XCMS online is a web-based version of XCMS that provides many of the advantages of the traditional R package without the use of a command line-based environment [16]. It allows limited control over processing parameters and gives interactive graphs of univariate and multivariate analyses [17].

MetaboAnalyst is a popular web-based resource that provides an easy to use, comprehensive interface for metabolomics data analysis [18]. It includes a variety of data preprocessing and statistical tools for univariate and multivariate analysis and generates high resolution, interactive graphics. Depending on the type of data being analyzed, it can also be used for biomarker analysis, enrichment analysis, pathway analysis, and more [19].

Haystack is a web server-based processing tool that uses mass bins to filter and extract information from raw LCMS data [20]. Haystack also provides graphical tools to visualize raw and processed data and incorporates some exploratory statistical analysis tools. Because extracted features are based on mass bins, missing values due to redundant or missing peaks are absent from the processed data. Processed data files are downloadable in .csv format, which can be imported into analysis software of the user’s preference.

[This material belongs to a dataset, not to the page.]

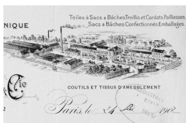
Vue cavalière de l'usine Bernheim Frères et Cie, vers 1902

Platform | Description | Advantages | Disadvantages | Reference |
---|---|---|---|---|

XCMS | R-based platform for raw LCMS data processing and visualization | -Adjustable parameters -Streamlined workflow | -Requires knowledge of R language -Command line based | [15] |

XCMS online | Web-based graphical user interface version of XCMS | -Cloud storage and sharing -Relatively easy to use | -Not as customizable as the R version | [16, 17] |

MetaboAnalyst | Online statistical analysis | -Easy to use -Wide variety of statistical tests available -Interactive plots | -Relies on pre-processed data -Limited options for customizing graphics | [18, 19] |

Haystack | Raw data processing and visualization using mass bins | -Unbiased -No zero values -Not dependent on quality of chromatography | -Graphics not customizable -Does not take into account peak retention time | [20] |

MZmine 2 | Raw data processing and visualization | -Java based -User friendly -Project batching | -Limited options for customizing graphics -Numerous options can be overwhelming | [21] |

MET-IDEA | Raw data processing for GCMS and LCMS data | -Works well with very large data sets -Optional manual integration | -Aimed more for GCMS data -Low-quality graphics | [22] |

MZmine 2 is a Java-based platform that allows for flexible MS data processing through a user-friendly graphical interface and customizable parameters for data processing and visualization [21].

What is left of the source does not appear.